For the conversion flow, refer to:
Official nncase repositories:
Develop Deployment Code#
Modules and Flow#
Involved Modules:
vicap (video input capture): Configures camera sensor properties and channel attributes including resolution, frame rate, and data format. Implements binding camera data to display and provides AI inference frame data.
vo (video output): Configures display device and layer attributes including position, resolution, frame rate, and data format. Displays camera frames or other input in real-time through video and OSD layers. The video layer supports YUV format only, while the OSD layer supports RGB format only.
kpu: Loads
kmodel, configures input/output tensors, and performs model inference.ai2d: Performs preprocessing on model input images. See usage_ai2d for details.
Processing Flow:
The double-model AI application uses the single-camera dual-channel processing approach:
Display Channel: One image stream is directly bound to the screen for real-time, low-latency display.
AI Channel: Another image stream is used for AI model inference with both detection and recognition results.
After inference completes, results are drawn onto a transparent OSD layer and merged with the live display. Users see the original image with both detection boxes and recognition results.
Like single-model applications, this structure solves performance bottlenecks:
Capture image → Create tensor → Preprocess → Inference → Postprocess → Draw results → Display
If multi-model inference takes significant time, the traditional pipeline causes image stutter. Therefore, we separate display from AI inference: prioritize live display with async multi-model inference result drawing and merging.

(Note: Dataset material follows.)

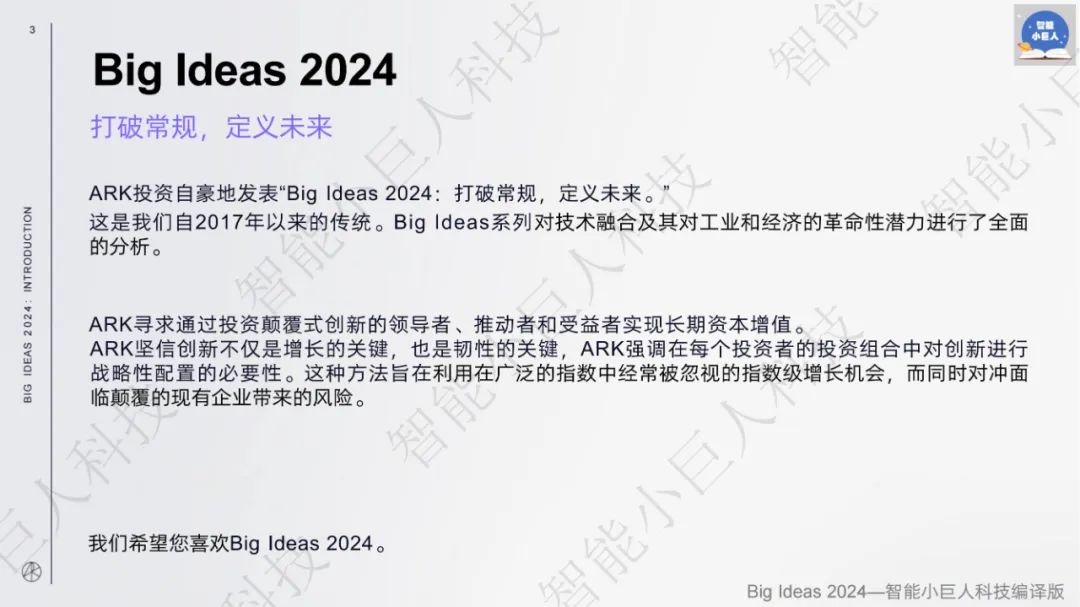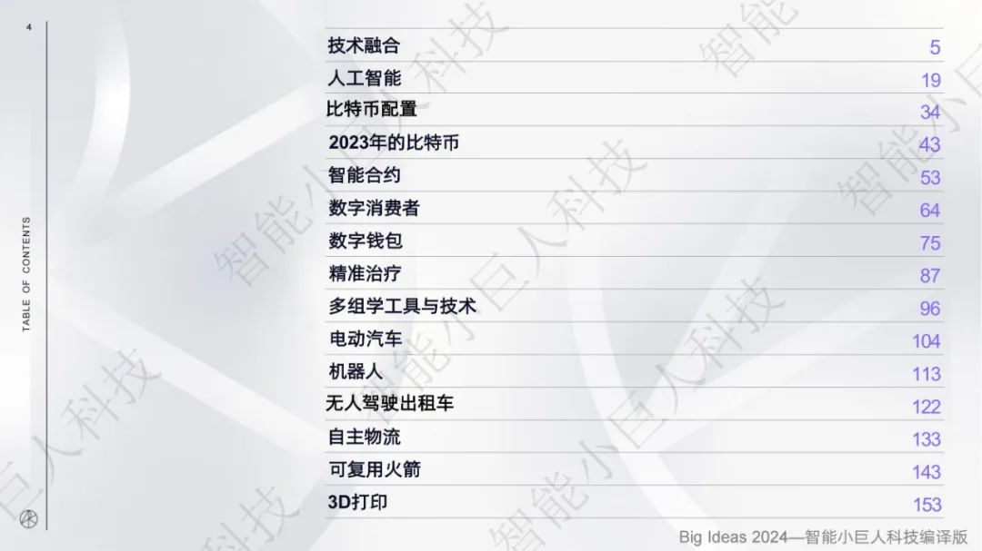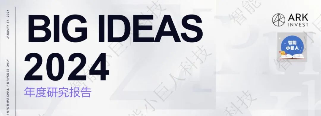 近日,被誉为“科技投资女王”的华尔街明星基金经理、方舟投资管理公司的首席执行官“木头姐”凯茜·伍德(Cathie Wood)带领她的ARK研究团队发布了《Big Ideas 2024》报告。自2017年以来,其团队每年发布的《Big Ideas》报告更是以极高的含金量,成为全球科技创业者与投资者的重要参考资料。 这份长达163页的报告,ARK从技术融合、人工智能、比特币、智能合约、精准治疗、多组学工具和技术、电动车、自动驾驶出租车、机器人技术、自主物流、可回收火箭和3D打印等方面对技术融合及其变革行业和经济的潜力进行了全面分析。
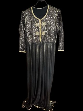 Elegante vestido largo con un diseño llamativo. - Cuerpo superior cubierto de lentejuelas plateadas. - Falda larga de tela negra brillante. - Detalles dorados en el escote y puños. - Adornos florales en la parte frontal.

Serial vs. Parallel Inference:
The reference diagrams show:
Serial double-model inference (detection then recognition) and:
Parallel double-model inference.
Important Note
KPU inference is exclusive. If you implement parallel inference with multiple threads, add synchronization locks to prevent multiple threads from accessing KPU simultaneously.
Code Structure#
Using the face-recognition reference project as an example, the code structure is:
face_recognition
├── cmake
├── src
│ ├── ai_base.cc # Model inference wrapper implementation
│ ├── ai_base.h # Model inference header file
│ ├── ai_utils.cc # Utility methods for model inference
│ ├── ai_utils.h # Utility methods header file
│ ├── anchors_320.cc # Anchors for 320-input face detection model
│ ├── anchors_640.cc # Anchors for 640-input face detection model
│ ├── face_detection.cc # Face detection: preprocess, inference, postprocess, drawing
│ ├── face_detection.h # Face detection header file
│ ├── face_recognition.cc # Face recognition: preprocess, inference, postprocess, drawing
│ │ # Includes face database init, add face, count, matching interfaces
│ ├── face_recognition.h # Face recognition header file
│ ├── main.cc # Main function: orchestrates complete AI application
│ ├── scoped_timing.h # Timing utility for debugging
│ ├── setting.h # Configuration macros for display and AI frame resolution
│ ├── video_pipeline.cc # Single-camera dual-channel implementation
│ ├── video_pipeline.h # Video pipeline header file
│ └── CMakeLists.txt # CMakeLists for this task
├── utils # Pre-built kmodel and scripts
├── CMakeLists.txt # Root CMakeLists
├── build_app.sh # Compilation script
└── Makefile # Alternative build method
Code Responsibilities#
The responsibilities of the main files are:
File |
Description |
|---|---|
|
Declares the common model-inference interfaces |
|
Implements the common model-inference interfaces |
|
Declares shared helper functions |
|
Implements shared helper functions |
|
Provides timing helpers for profiling and debugging |
|
Defines display and AI-frame configuration macros |
|
Declares the single-camera dual-channel pipeline interface |
|
Implements the video pipeline |
|
Declares preprocess, inference, postprocess, and drawing for face detection |
|
Implements face detection |
|
Declares recognition, face database, add/query/match interfaces |
|
Implements face recognition |
|
Anchor data for the |
|
Anchor data for the |
|
Organizes the complete application logic |
When developing a new AI application:
ai_base.*andscoped_timing.hare usually reused without modification.ai_utils.*can be extended if the existing helper methods are not enough.setting.handvideo_pipeline.*implement camera, display, and OSD initialization together with AI-frame acquisition and OSD overlay. These files usually remain unchanged unless you need a new display type or another camera/display configuration.face_detection.*,face_recognition.*, andmain.ccare the files users usually adapt for a new task flow. The task headers and source files mainly implement task-specific preprocess, inference reuse, postprocess, and draw logic, whilemain.cccontrols task instance initialization and the order of the multi-stage inference pipeline.
Code Details#
setting.h Configuration#
The macros in setting.h mainly configure camera output, display output, OSD, and AI-frame resolution.
Macro |
Description |
|---|---|
|
ISP output width |
|
ISP output height |
|
|
|
Display width |
|
Display height |
|
|
|
AI frame width |
|
AI frame height |
|
AI frame channels |
|
Whether to enable OSD |
|
OSD width |
|
OSD height |
|
OSD channels |
Typical fragments are:
#define ISP_WIDTH 1920
#define ISP_HEIGHT 1080
This is the camera-side resolution. On top of this source, the image is split into a display branch and an AI branch, and the format and size of each branch can be adjusted independently.
#define DISPLAY_MODE 1
#define DISPLAY_WIDTH 800
#define DISPLAY_HEIGHT 480
#define DISPLAY_ROTATE 1
This branch is sent to the display channel. The exact configuration depends on the target screen and its orientation. The current code supports both LT9611 HDMI 1920 x 1080 and ST7701 LCD 800 x 480.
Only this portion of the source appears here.